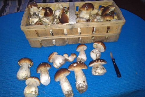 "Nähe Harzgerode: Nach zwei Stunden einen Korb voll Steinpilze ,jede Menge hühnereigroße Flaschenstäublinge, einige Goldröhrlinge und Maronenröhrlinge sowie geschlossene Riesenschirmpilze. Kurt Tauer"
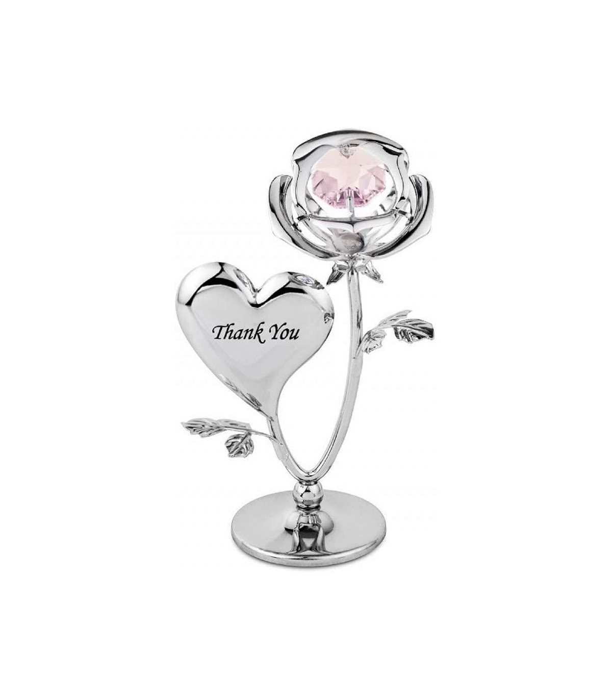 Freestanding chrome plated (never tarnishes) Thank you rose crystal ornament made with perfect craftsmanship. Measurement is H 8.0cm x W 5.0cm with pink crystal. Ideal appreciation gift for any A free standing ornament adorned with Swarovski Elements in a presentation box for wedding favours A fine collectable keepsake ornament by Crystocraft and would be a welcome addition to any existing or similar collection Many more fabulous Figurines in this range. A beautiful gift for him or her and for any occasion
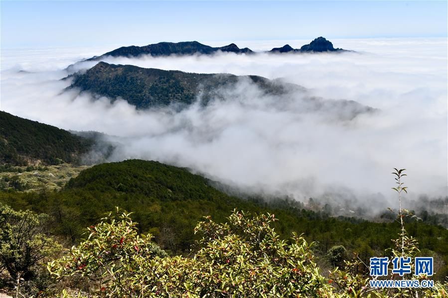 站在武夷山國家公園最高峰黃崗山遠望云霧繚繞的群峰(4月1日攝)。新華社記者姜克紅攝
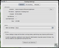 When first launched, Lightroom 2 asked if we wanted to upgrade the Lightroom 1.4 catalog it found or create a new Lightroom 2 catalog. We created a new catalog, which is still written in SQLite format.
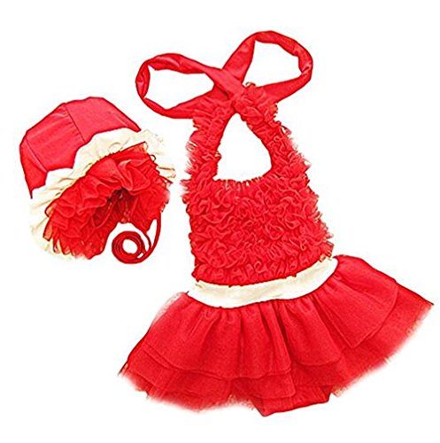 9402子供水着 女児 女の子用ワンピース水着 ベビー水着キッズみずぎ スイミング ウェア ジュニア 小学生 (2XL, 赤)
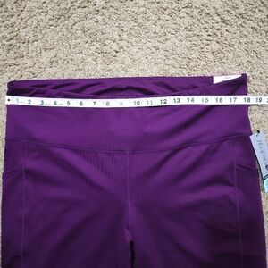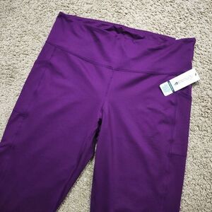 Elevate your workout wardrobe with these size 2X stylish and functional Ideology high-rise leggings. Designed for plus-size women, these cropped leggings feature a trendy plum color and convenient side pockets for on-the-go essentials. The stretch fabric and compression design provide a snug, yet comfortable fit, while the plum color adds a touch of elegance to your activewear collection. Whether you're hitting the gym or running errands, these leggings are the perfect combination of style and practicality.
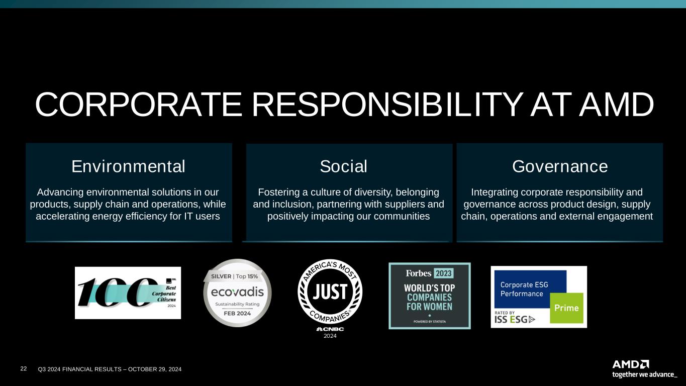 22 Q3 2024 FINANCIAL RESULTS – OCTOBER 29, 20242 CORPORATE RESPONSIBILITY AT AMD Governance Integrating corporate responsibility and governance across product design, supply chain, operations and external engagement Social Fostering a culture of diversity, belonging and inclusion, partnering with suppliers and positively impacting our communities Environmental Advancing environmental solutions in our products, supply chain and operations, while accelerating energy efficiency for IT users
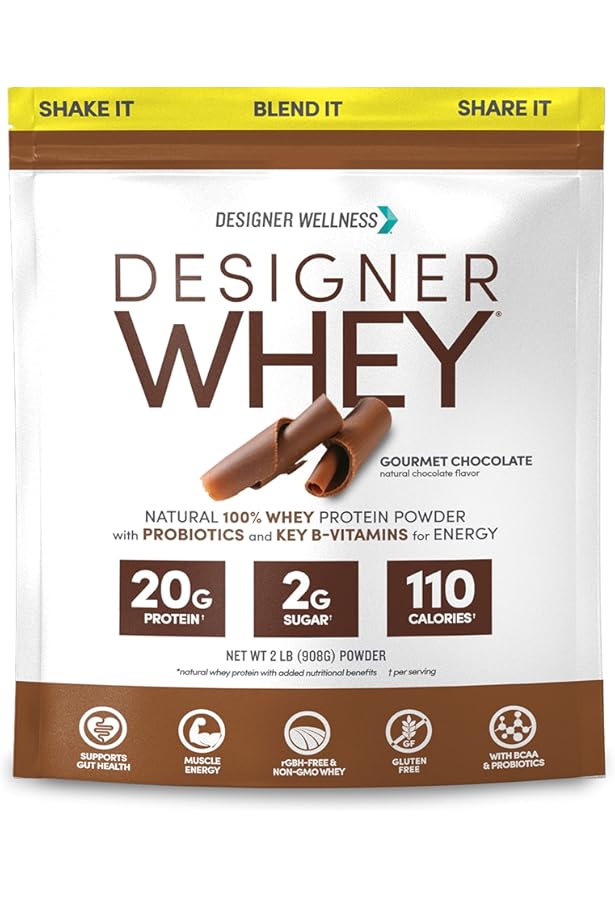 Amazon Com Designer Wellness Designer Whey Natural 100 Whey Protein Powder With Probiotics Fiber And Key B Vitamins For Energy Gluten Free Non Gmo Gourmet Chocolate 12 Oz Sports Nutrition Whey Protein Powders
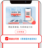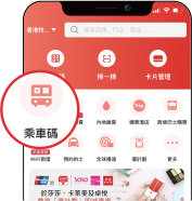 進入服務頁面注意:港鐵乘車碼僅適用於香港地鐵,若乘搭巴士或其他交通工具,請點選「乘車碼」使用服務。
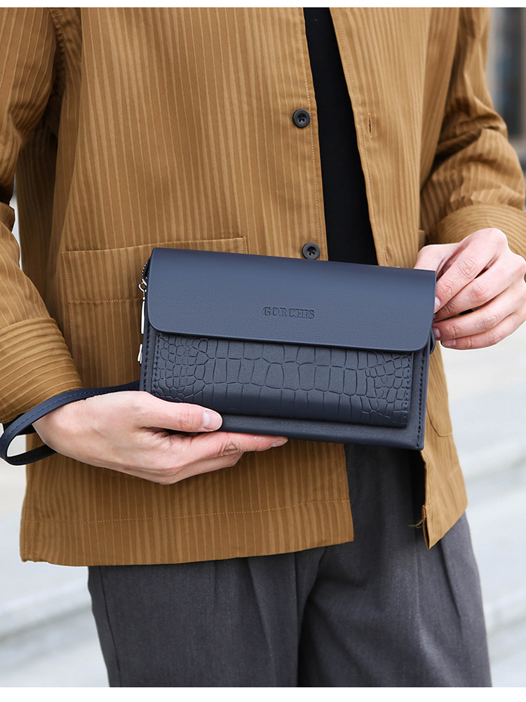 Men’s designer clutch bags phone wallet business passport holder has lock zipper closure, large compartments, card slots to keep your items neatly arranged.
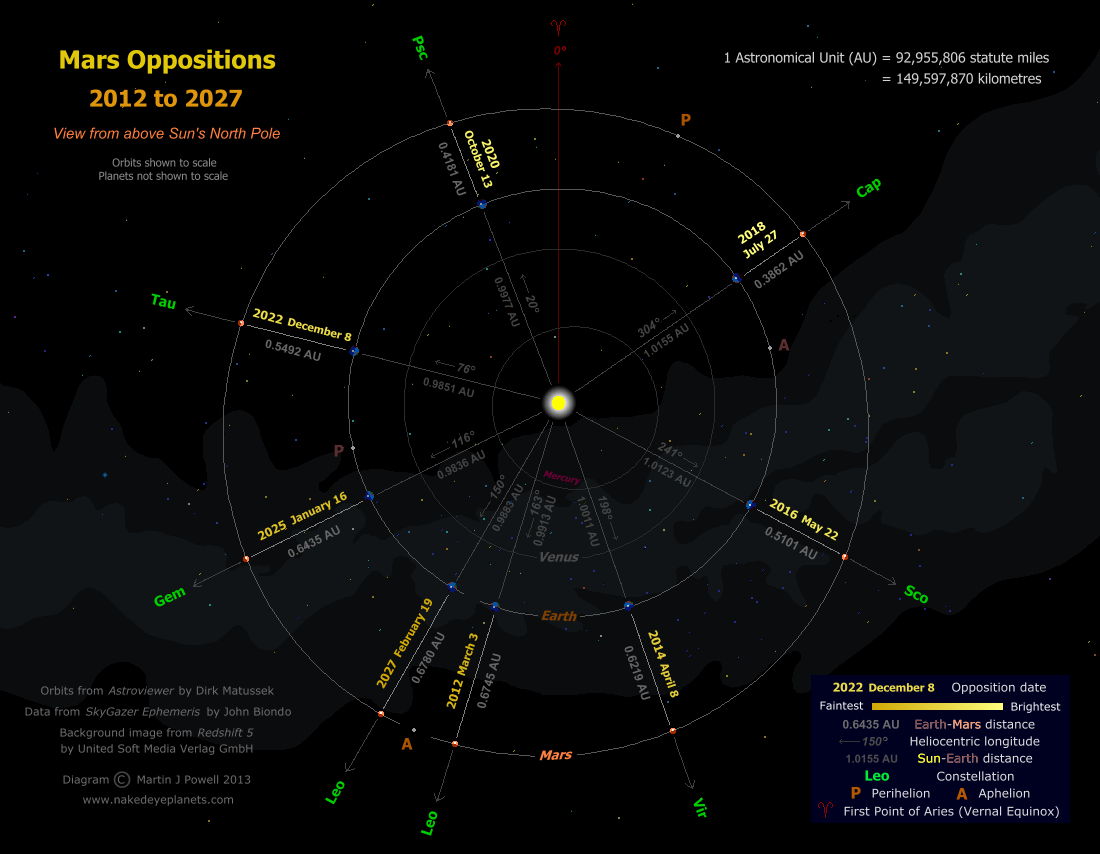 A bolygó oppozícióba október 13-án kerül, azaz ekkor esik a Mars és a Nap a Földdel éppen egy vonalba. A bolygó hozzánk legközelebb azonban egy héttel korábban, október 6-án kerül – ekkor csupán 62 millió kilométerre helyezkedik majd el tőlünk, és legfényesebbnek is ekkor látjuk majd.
-- -- --
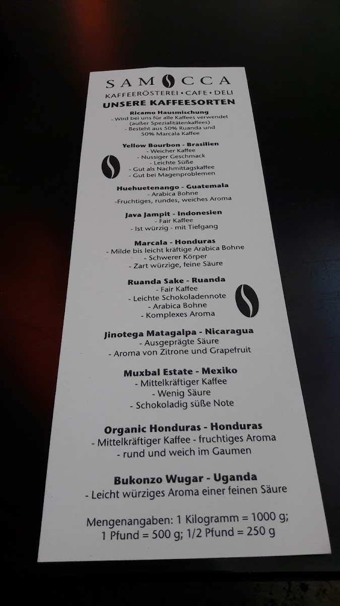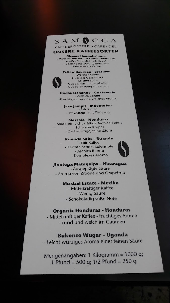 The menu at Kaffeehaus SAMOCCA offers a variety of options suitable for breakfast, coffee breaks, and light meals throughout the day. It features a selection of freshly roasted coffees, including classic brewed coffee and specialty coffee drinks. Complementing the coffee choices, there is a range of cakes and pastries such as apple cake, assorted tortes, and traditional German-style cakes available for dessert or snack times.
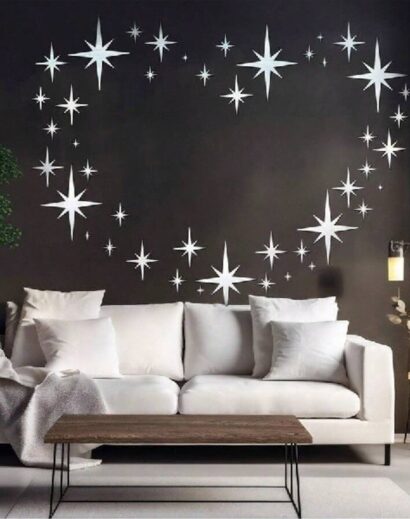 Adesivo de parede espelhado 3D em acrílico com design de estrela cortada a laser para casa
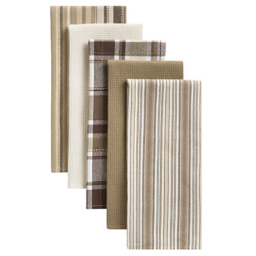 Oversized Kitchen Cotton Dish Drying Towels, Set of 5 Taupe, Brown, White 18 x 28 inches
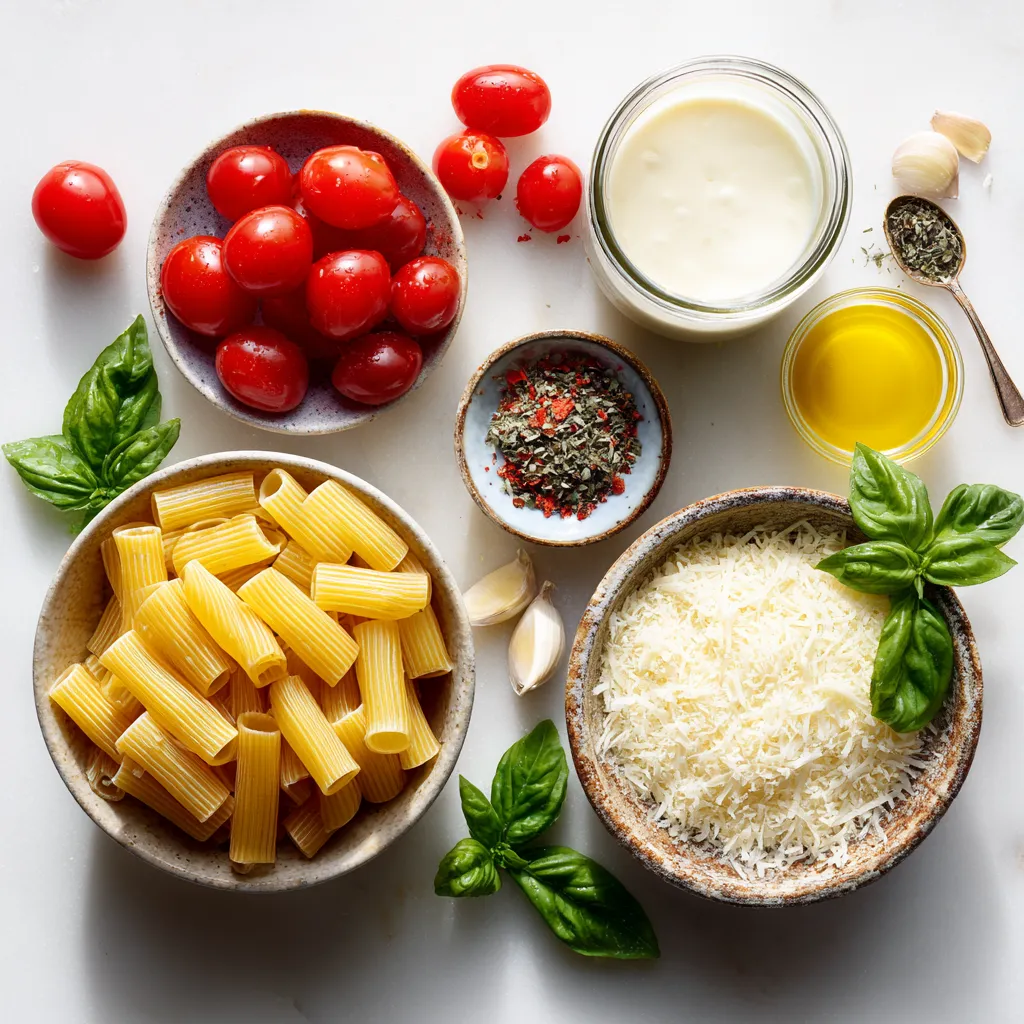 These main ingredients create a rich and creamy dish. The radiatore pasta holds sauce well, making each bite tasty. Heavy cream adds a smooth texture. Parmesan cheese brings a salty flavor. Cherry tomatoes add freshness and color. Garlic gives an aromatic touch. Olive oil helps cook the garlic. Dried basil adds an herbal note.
-- -- --
- Task objective
Working from the data above, repeat exactly, and only, the lines that begin at the line containing "Harzgerode: Nach zwei" and stop after the line containing "進入服務頁面注意:港鐵乘車碼"; pictures are not copied.

- Solution
 "Nähe Harzgerode: Nach zwei Stunden einen Korb voll Steinpilze ,jede Menge hühnereigroße Flaschenstäublinge, einige Goldröhrlinge und Maronenröhrlinge sowie geschlossene Riesenschirmpilze. Kurt Tauer"
 Freestanding chrome plated (never tarnishes) Thank you rose crystal ornament made with perfect craftsmanship. Measurement is H 8.0cm x W 5.0cm with pink crystal. Ideal appreciation gift for any A free standing ornament adorned with Swarovski Elements in a presentation box for wedding favours A fine collectable keepsake ornament by Crystocraft and would be a welcome addition to any existing or similar collection Many more fabulous Figurines in this range. A beautiful gift for him or her and for any occasion
 站在武夷山國家公園最高峰黃崗山遠望云霧繚繞的群峰(4月1日攝)。新華社記者姜克紅攝
 When first launched, Lightroom 2 asked if we wanted to upgrade the Lightroom 1.4 catalog it found or create a new Lightroom 2 catalog. We created a new catalog, which is still written in SQLite format.
 9402子供水着 女児 女の子用ワンピース水着 ベビー水着キッズみずぎ スイミング ウェア ジュニア 小学生 (2XL, 赤)
 Elevate your workout wardrobe with these size 2X stylish and functional Ideology high-rise leggings. Designed for plus-size women, these cropped leggings feature a trendy plum color and convenient side pockets for on-the-go essentials. The stretch fabric and compression design provide a snug, yet comfortable fit, while the plum color adds a touch of elegance to your activewear collection. Whether you're hitting the gym or running errands, these leggings are the perfect combination of style and practicality.
 22 Q3 2024 FINANCIAL RESULTS – OCTOBER 29, 20242 CORPORATE RESPONSIBILITY AT AMD Governance Integrating corporate responsibility and governance across product design, supply chain, operations and external engagement Social Fostering a culture of diversity, belonging and inclusion, partnering with suppliers and positively impacting our communities Environmental Advancing environmental solutions in our products, supply chain and operations, while accelerating energy efficiency for IT users
 Amazon Com Designer Wellness Designer Whey Natural 100 Whey Protein Powder With Probiotics Fiber And Key B Vitamins For Energy Gluten Free Non Gmo Gourmet Chocolate 12 Oz Sports Nutrition Whey Protein Powders
 進入服務頁面注意:港鐵乘車碼僅適用於香港地鐵,若乘搭巴士或其他交通工具,請點選「乘車碼」使用服務。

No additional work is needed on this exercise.